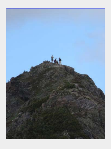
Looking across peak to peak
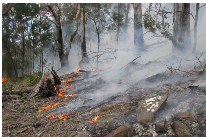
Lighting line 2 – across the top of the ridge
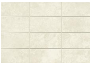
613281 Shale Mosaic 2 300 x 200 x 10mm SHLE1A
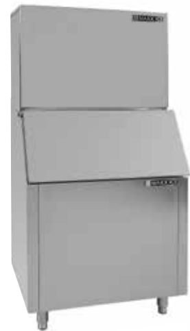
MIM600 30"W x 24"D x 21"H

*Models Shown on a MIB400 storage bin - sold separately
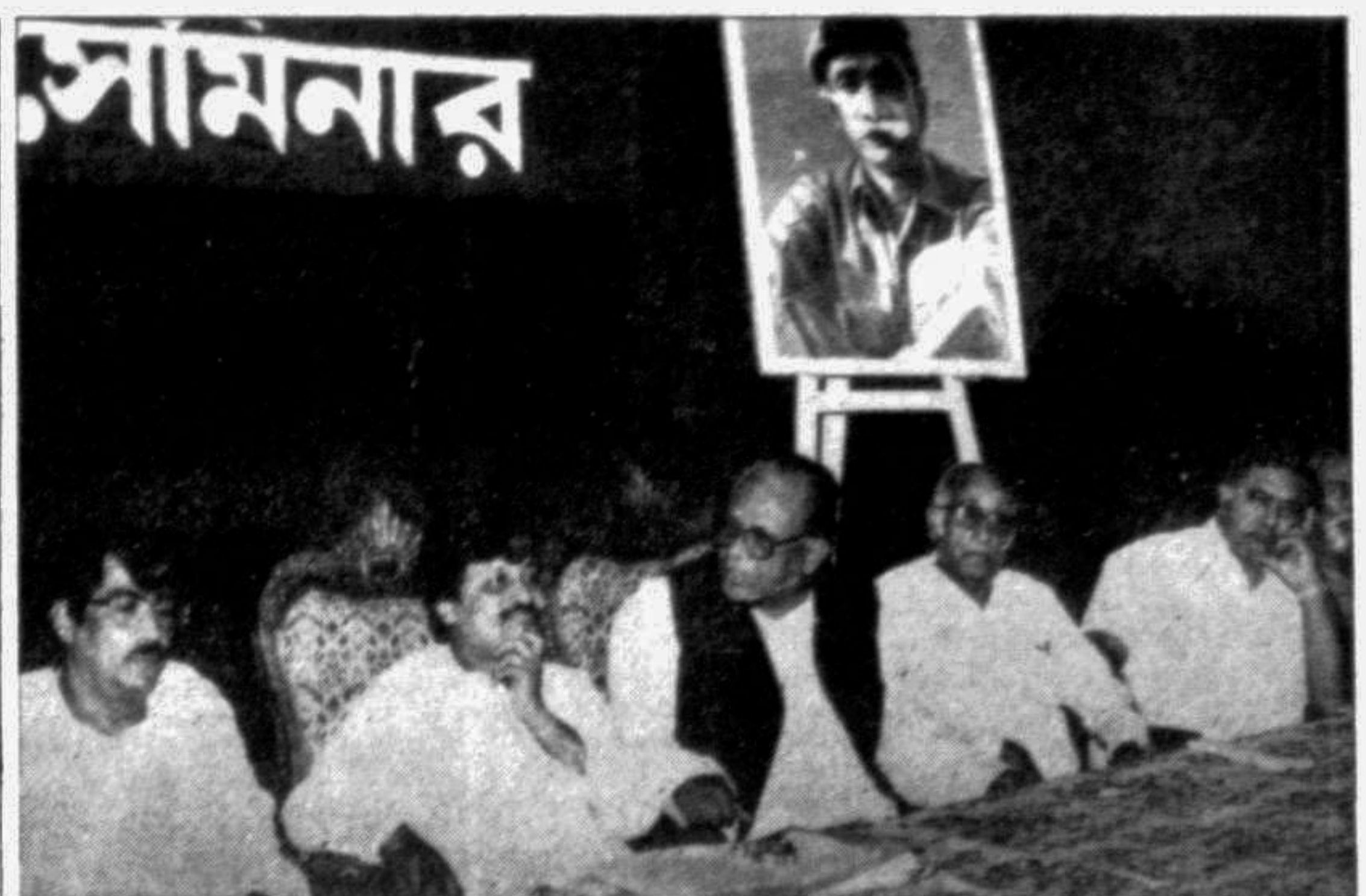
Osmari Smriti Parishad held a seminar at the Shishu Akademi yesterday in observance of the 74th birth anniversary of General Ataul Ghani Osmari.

**EXERCISE:** Take the line containing "613281 Shale Mosaic 2 300 x 200 x 10mm SHLE1A" through the last line of the material and retype exactly those lines, both ends included, with no pictures.

**REPLY TO THE TASK:**
613281 Shale Mosaic 2 300 x 200 x 10mm SHLE1A
MIM600 30"W x 24"D x 21"H

*Models Shown on a MIB400 storage bin - sold separately
Osmari Smriti Parishad held a seminar at the Shishu Akademi yesterday in observance of the 74th birth anniversary of General Ataul Ghani Osmari.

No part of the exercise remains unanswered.